Walks every member_profiles row, calls resolveAgentTypes() on its agents[], writes back any agent whose stored type disagrees with the snapshot's inferred type. Idempotent. Has a --dry-run mode.

Operator runbook

Owner: member-tools / registry oncall. Runs from a workstation with DATABASE_URL set to the target environment (staging first, then prod). The script is read/write — same machine that runs migrations.

Expected diff size today:

  • Bidcliq, Swivel are the known cases: 'buying''sales'. Both are member-registered, both have agent_capabilities_snapshot rows that infer sales. Two flips minimum.
  • Possible additional flips: any other member-registered agent saved before fix(registry): server-side agent-type resolution at registration #3498 whose snapshot disagrees with its stored type.
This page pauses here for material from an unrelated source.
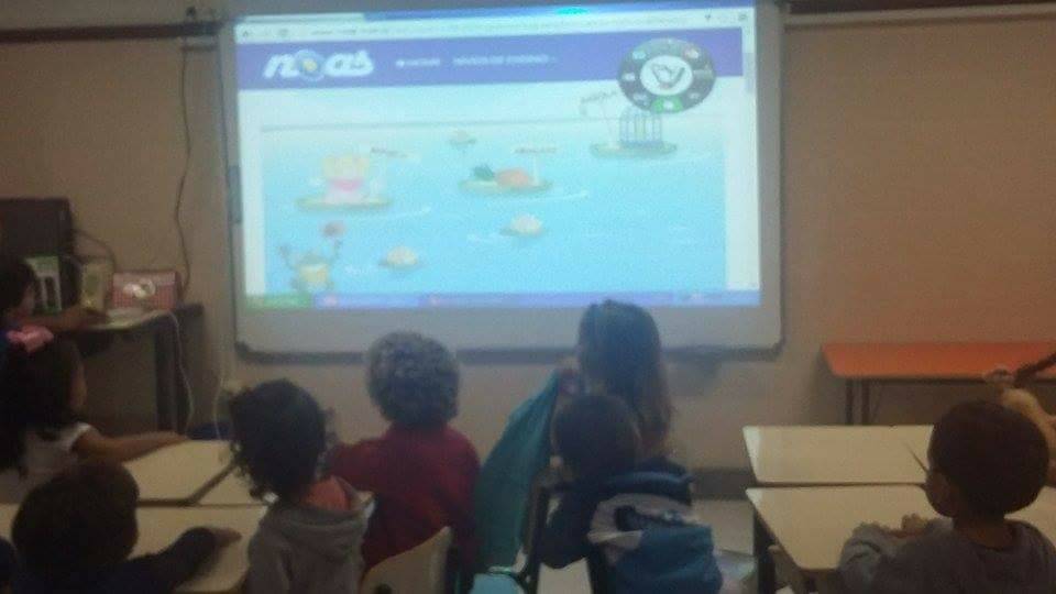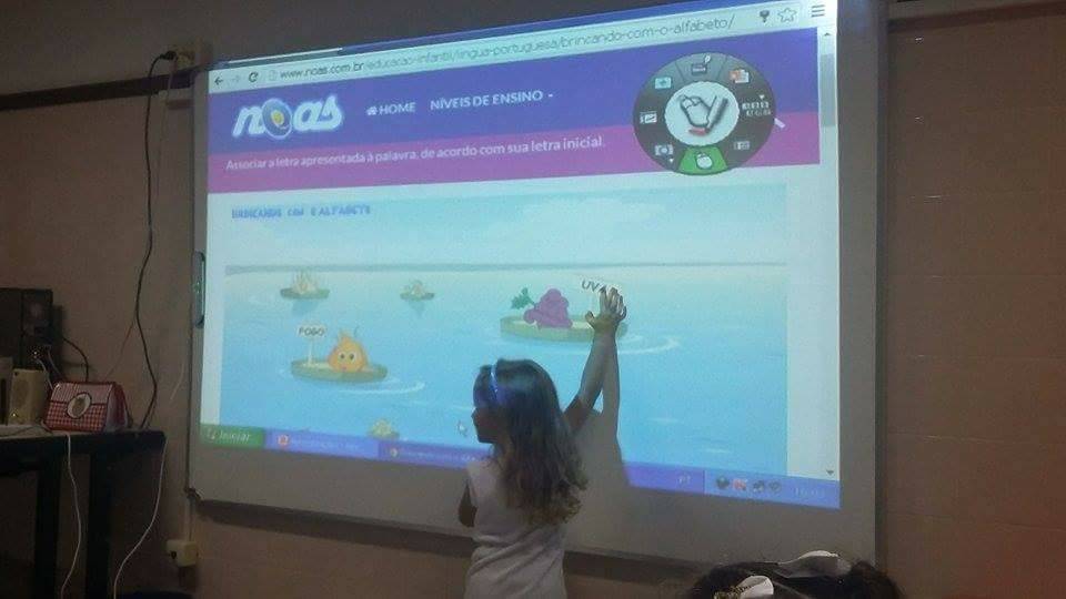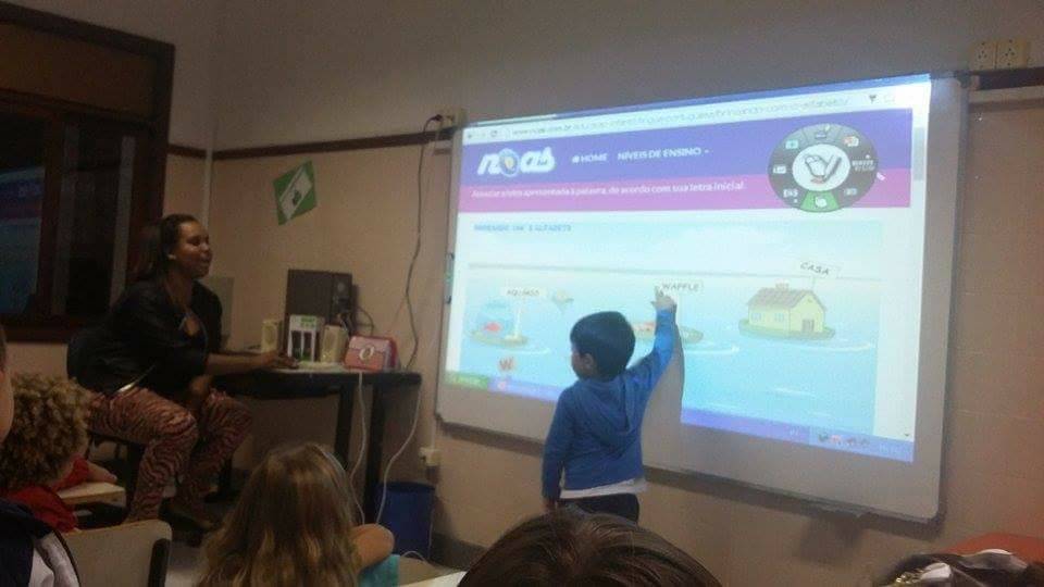 A turma do 1° período 13 está aprimorando o trabalho com as letras do alfabeto nas aulas de Informática, utilizando a lousa digital.

Order of magnitude: < 10 across the current member fleet.
  • If the dry-run reports > 25 flips, stop and investigate before running for real. Something else is going on (probe drift, mass mis-classification, classification-inference change). Operator escalates rather than absorbing the diff.

Where output goes:

  • Stdout from the script — capture to a file for the run record (e.g., 2026-04-29-staging-backfill.log).
  • Paste the captured stdout into a comment on this PR after the staging run, and into the prod-deployment ticket / runbook entry after the prod run.
  • Future audit ("when did Bidcliq flip?") relies on this paper trail until the audit-log table from ops(registry): backfill writes type-reclassification audit log #3550 lands.

Procedure:

# 1. Dry-run on staging
DATABASE_URL=<staging> npx tsx server/scripts/backfill-member-agent-types.ts --dry-run | tee 2026-04-29-staging-dryrun.log

# 2. Eyeball the diff. Expected ≈ Bidcliq + Swivel + 0–8 long-tail.
#    If >25 disagreements or any unexpected agent_url surfaces, STOP.

# 3. Real run on staging
DATABASE_URL=<staging> npx tsx server/scripts/backfill-member-agent-types.ts | tee 2026-04-29-staging-real.log

# 4. Spot-check the public registry — Bidcliq + Swivel render as sales now.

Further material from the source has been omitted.